Fisher’s exact test and the chi-square test were used for comparisons between categorical variables. The Mann-Whitney test and the Kruskal-Wallis test with Dunn’s multiple comparisons test were used for comparisons between continuous variables, and Spearman’s rank correlation (Spearman’s ρ) was used for correlation analyses. P ≤ 0.05 was considered statistically significant. Values are given as median with interquartile range (IQR) and mean with range. All statistical analyses were performed using GraphPad Prism (version 9.2.0) and Microsoft Excel.

3 Results

3.1 Patient characteristics

Among the 76 CTCL patients included in the study, 64% were male. Sixty-one were diagnosed with MF or SS, 10 with LyP, 2 with PC-ALCL, and 3 with primary cutaneous peripheral T-cell lymphoma unspecified (Table 1).
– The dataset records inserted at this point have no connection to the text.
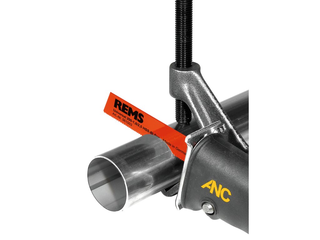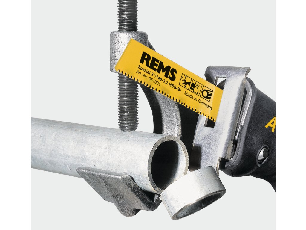 Speciální pilový list REMS (strana 76), extra silný, pevný v ohybu a krutu, s oboustranným úchytem, bezpodmínečně nutný k pravoúhlému řezání a k rychlé demontáži ocelových trubek s sílu přenášejícím vodícím držákem.
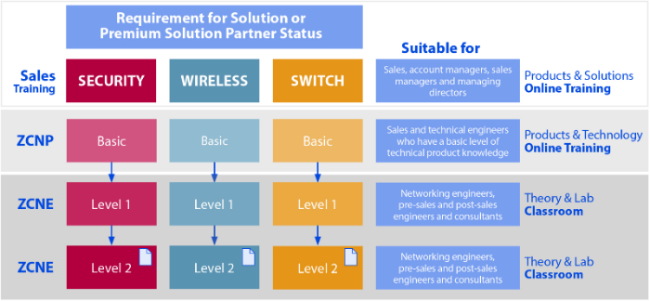 Certifikační program Zyxel se zaměřuje na více oblastí. V současné době lze program ZCNE absolvovat ve třech oblastech: Ethernet Switch, Security a Wireless LAN.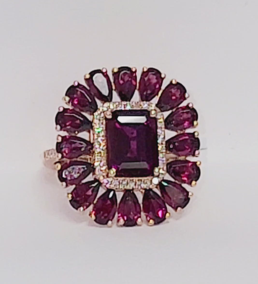 This elegant cocktail ring showcases a 14K rose gold emerald-cut Rhodolite center, surrounded by a delicate .16 CT diamond halo. Enhancing its vibrant allure, 16 pear-shaped Rhodolite stones frame the design, bringing the total carat weight to 7.10 CT. A refined statement piece that beautifully balances brilliance and rich color.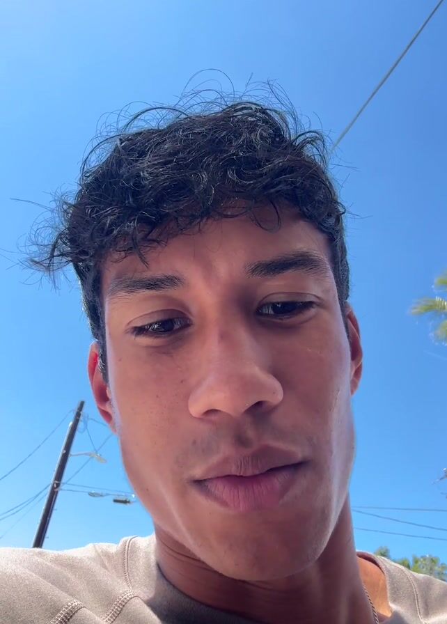 close-up shot of a young man with dark, curly hair and light brown skin. He is wearing a tan crewneck sweatshirt. He looks directly at the camera, speaks, and occasionally glances upwards. Behind him, the bright blue sky is visible, along with utility poles, wires, and a glimpse of a palm tree. The video seems to have been recorded outdoors during the daytime. The man mentions his car being dirty and needing to go get it cleaned.
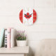Este relógio de parede apresenta uma imagem da bandeira do Canadá no centro. A folha vermelha do mapa é representada no centro da bandeira sobre um fundo branco, com faixas vermelhas correspondentes nas laterais. As horas são impressas num estilo folha de ouro, design numérico romano. Representem seu estilo a herança canadense!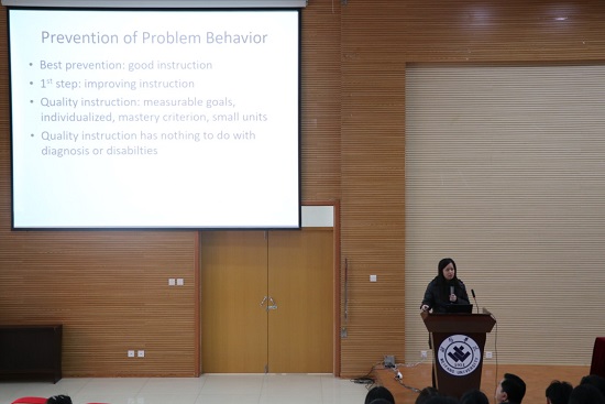 报告会开始之前,特殊教育专业刘慧丽老师简单为大家介绍了本次报告会的主题:问题行为儿童的功能分析处理及预防措施。报告会开始之后,蔡教授首先表达了自己来到齐鲁大地的激动心情,赞美了特教幼教师范学院学生积极的学习心态。报告会上,蔡教授为大家详细解释了管理问题行为的含义,阐述了功能性行为评估的重要性,为大家讲解了叙述性ABC录制、见算法等特殊教育专业名词的含义,蔡教授的报告深入浅出,逻辑严密,令台下的同学受益匪浅。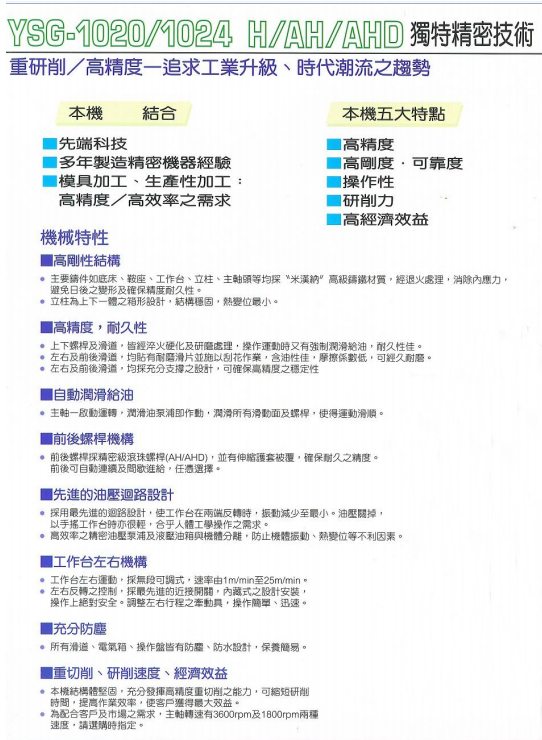◆先進的油壓系統︰工作台在兩端反轉時,振動減少至最小,低速時亦維持穩定之推力,可得較佳之研磨面。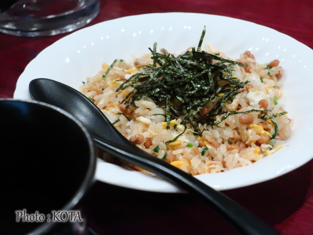 上は納豆チャーハン(650円)。女将のチャーハンはしっとり柔らかな、いかにも家庭のチャーハン。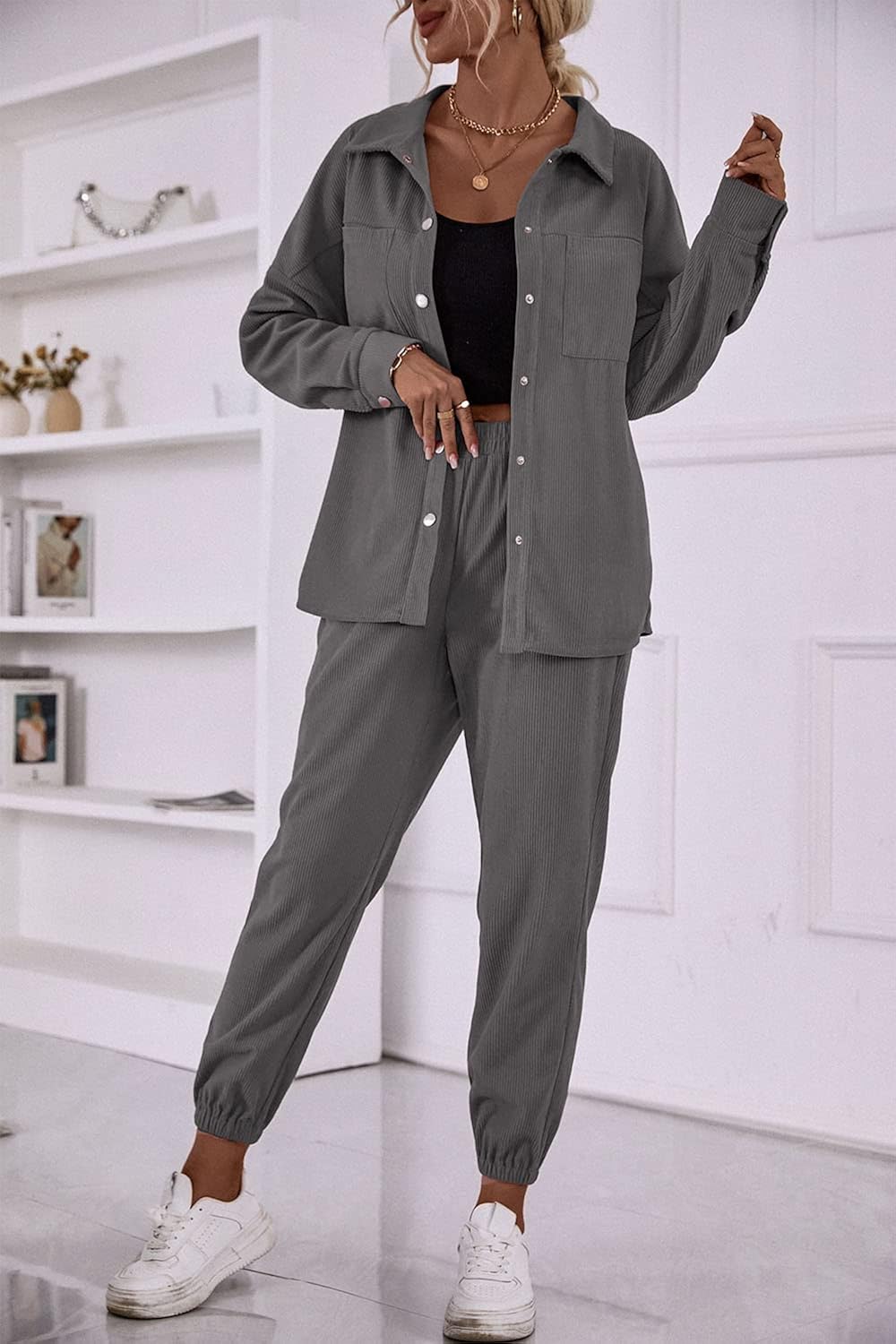 CASUAL TRACKSUIT SETS FOR WOMEN! The Long Sleeve Top Features A Collar, Bust Pocket And Front Button Down Closure, Elastic Wait Design Is Suitable For Any Body Shape. Two Piece Corduroy Tracksuit Set Keeps You Warm And Comfy All Day Long. It's Perfect For Lounge Wear, Running Errands, Going Outside, Hanging Out, Streetwear, Running, Jogging, Walking Any Indoor And Outdoor Activities COLOR OPTIONS: Black Long Pants Sweat Sets/ Brown Two Piece Outfits/ Green Comfy Loungewear Sets/ Grey Womens Tracksuit/ Navy Jogging Outfits For Women/ Pink Travel Outfits/ Red Brown Casual Outfits For Women/ Wine Red Tracksuit For Women Show more

A majority of the 60 MF/SS patients with available data on stage had early-stage disease [stages IA–IIA: n = 58 (97%)] and low mSWAT (median 7, range 0–70). In the early-stage MF group, 34/58 (59%) presented with patches only and 24/58 (41%) presented with plaques with or without patches (Supplementary Table 1). There were no significant differences between male and female MF/SS patients in the median mSWAT, in the distribution of the different clinical stages, or in lesion type (data not shown). Most patients had no or topical treatment (88%) and the median time with CTCL diagnosis was 3 years.

Table 1

Table 1. Patient characteristics of study cohort.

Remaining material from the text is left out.